• _Data below_
# # # #
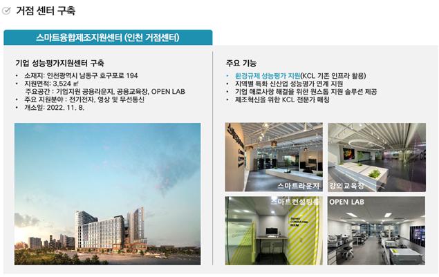 지원센터는 전국 3개 권역의 거점센터로, 남동구 호구포역 인근에 위치한 지식산업센터 내 지하1층과 지상9층에 3,524㎡(약 1,066평) 규모로 시험실과 강의·교육장, 사무실, 공용지원공간(라운지, 교육장, 회의실) 등을 갖췄다.
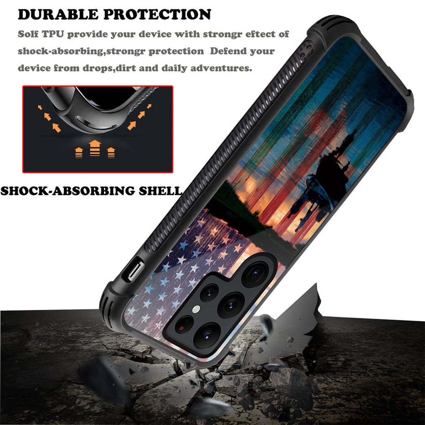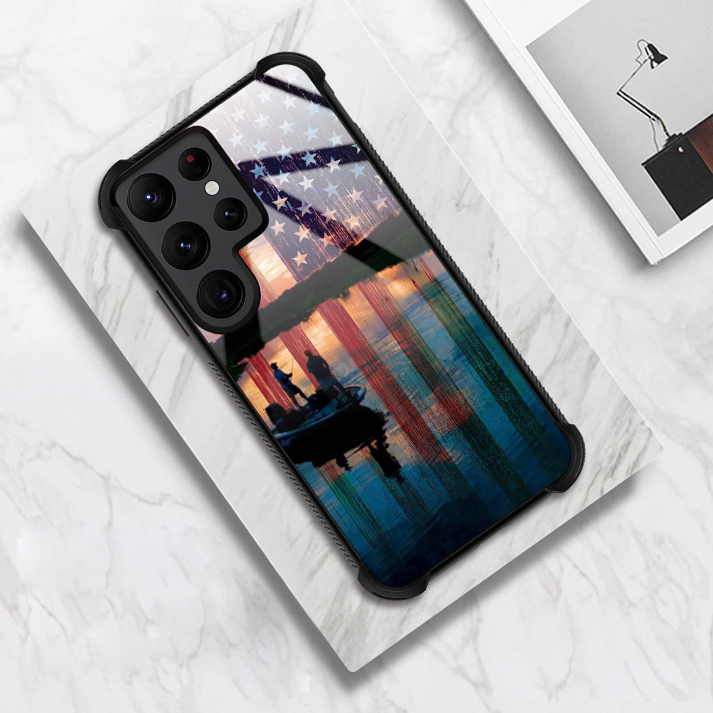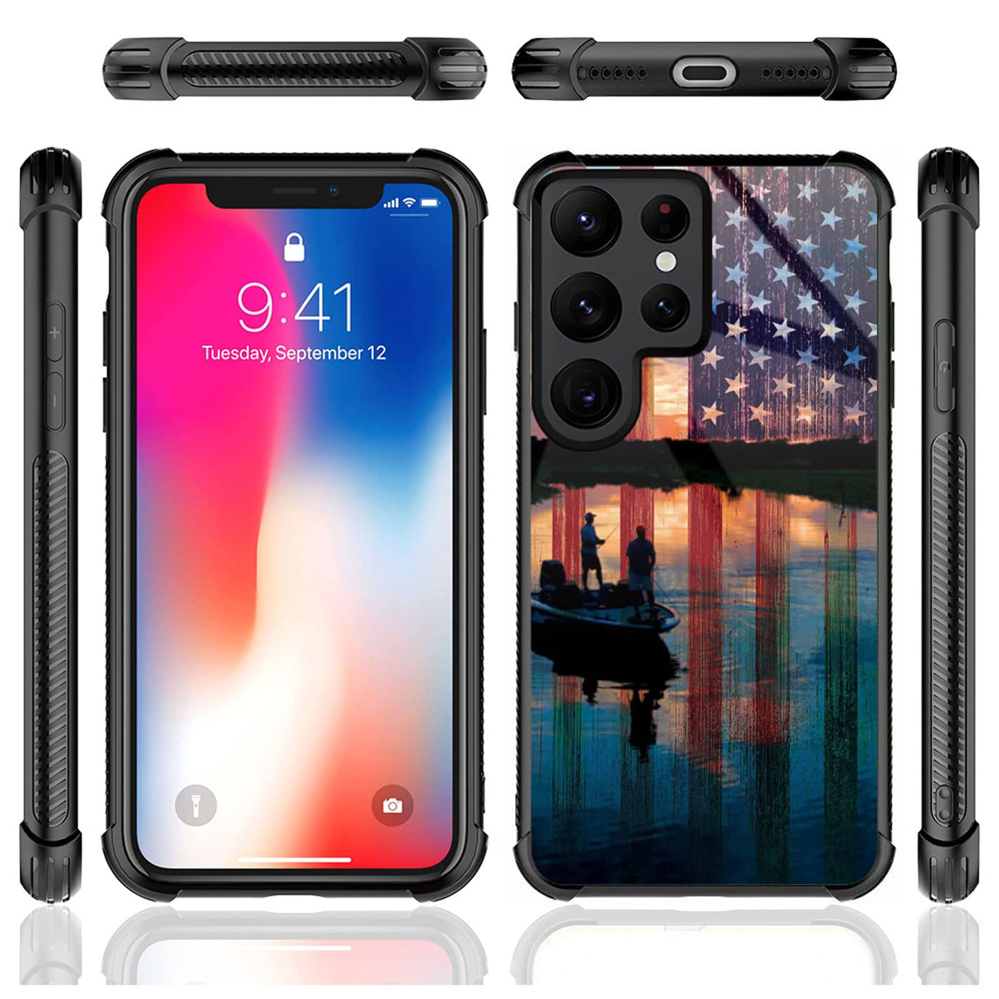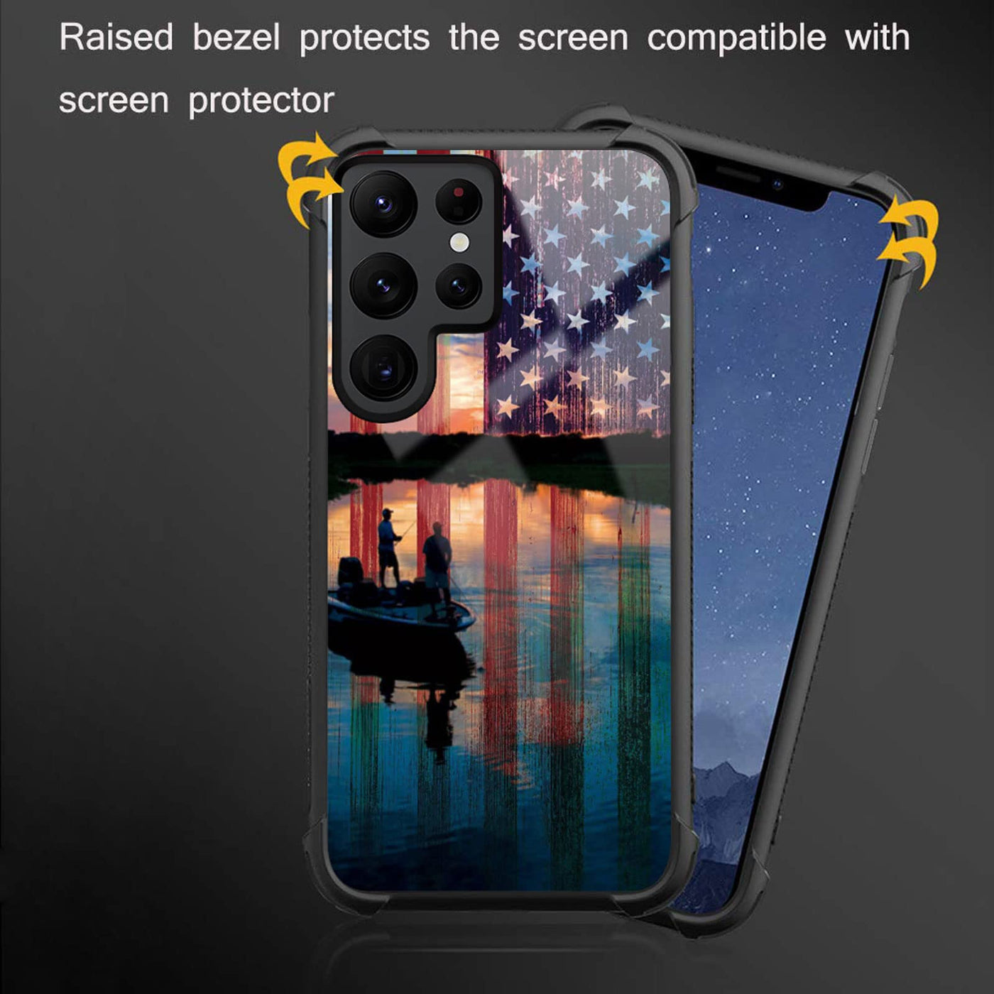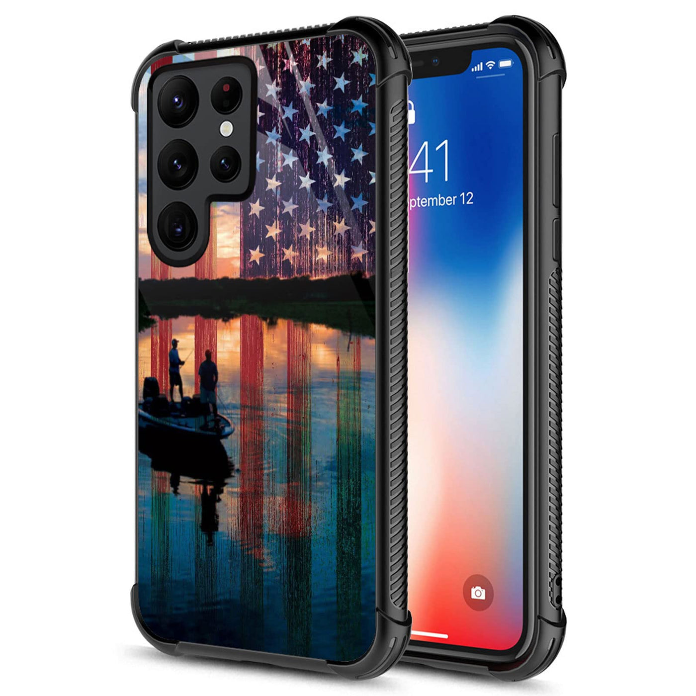 Carloca Compatible With Samsung Galaxy S22 Ultra Case,Fishing Red Usa Flag Samsung Galaxy S22 Ultra Cases Graphic Design Shockpr
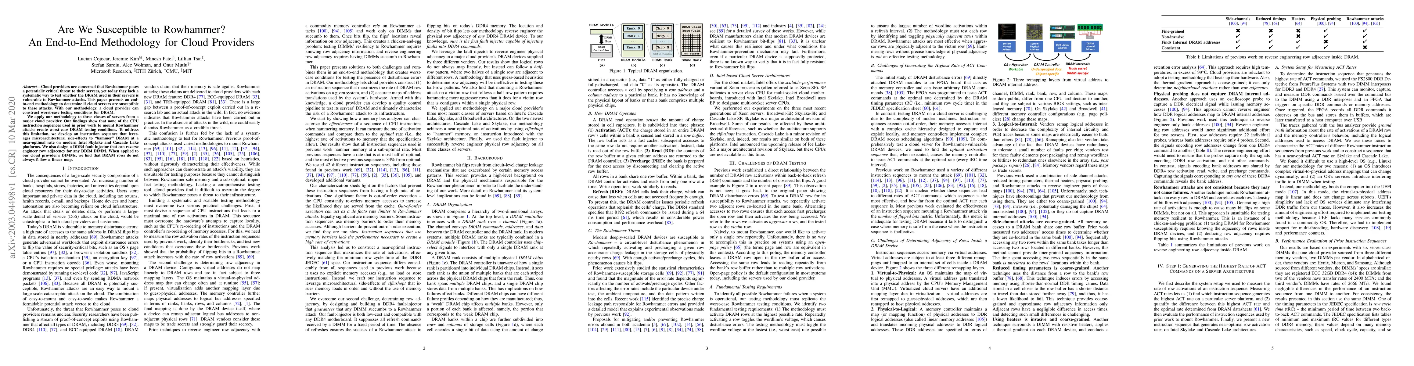 Researchers developed an end-to-end methodology to test for Rowhammer attacks on cloud servers, finding that none of previous instruction sequences created worst-case testing conditions, but discovering DRAM rows do not always follow a linear map.
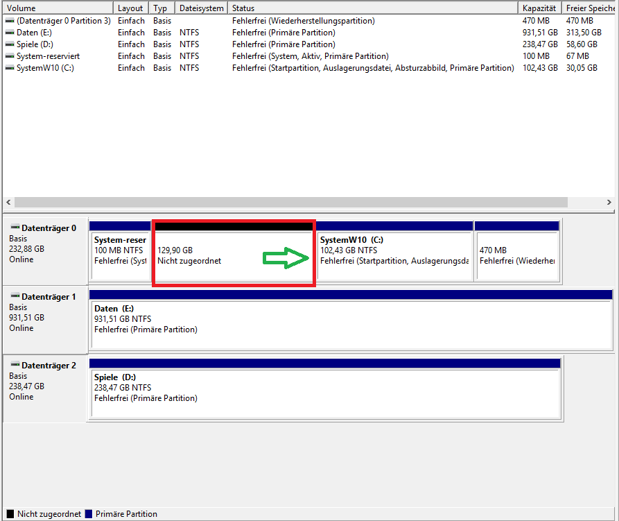 Normalerweise sollte dies kein Problem sein, jedoch, da Windows 7 vor Windows 10 installiert war, ist die Partition vor der Windows 10 Partition. Es ist mir so daher nicht möglich den eigentlich feien Speicher zu nutzen um die Windows 10 Partition zu vergrößern (ist im Kontextmenü ausgegraut).
# # # #
• _Instructions for the task_
Repeat every line of the data exactly, but do not include pictures.

• _Response to the task_
 지원센터는 전국 3개 권역의 거점센터로, 남동구 호구포역 인근에 위치한 지식산업센터 내 지하1층과 지상9층에 3,524㎡(약 1,066평) 규모로 시험실과 강의·교육장, 사무실, 공용지원공간(라운지, 교육장, 회의실) 등을 갖췄다.
 Carloca Compatible With Samsung Galaxy S22 Ultra Case,Fishing Red Usa Flag Samsung Galaxy S22 Ultra Cases Graphic Design Shockpr
 Researchers developed an end-to-end methodology to test for Rowhammer attacks on cloud servers, finding that none of previous instruction sequences created worst-case testing conditions, but discovering DRAM rows do not always follow a linear map.
 Normalerweise sollte dies kein Problem sein, jedoch, da Windows 7 vor Windows 10 installiert war, ist die Partition vor der Windows 10 Partition. Es ist mir so daher nicht möglich den eigentlich feien Speicher zu nutzen um die Windows 10 Partition zu vergrößern (ist im Kontextmenü ausgegraut).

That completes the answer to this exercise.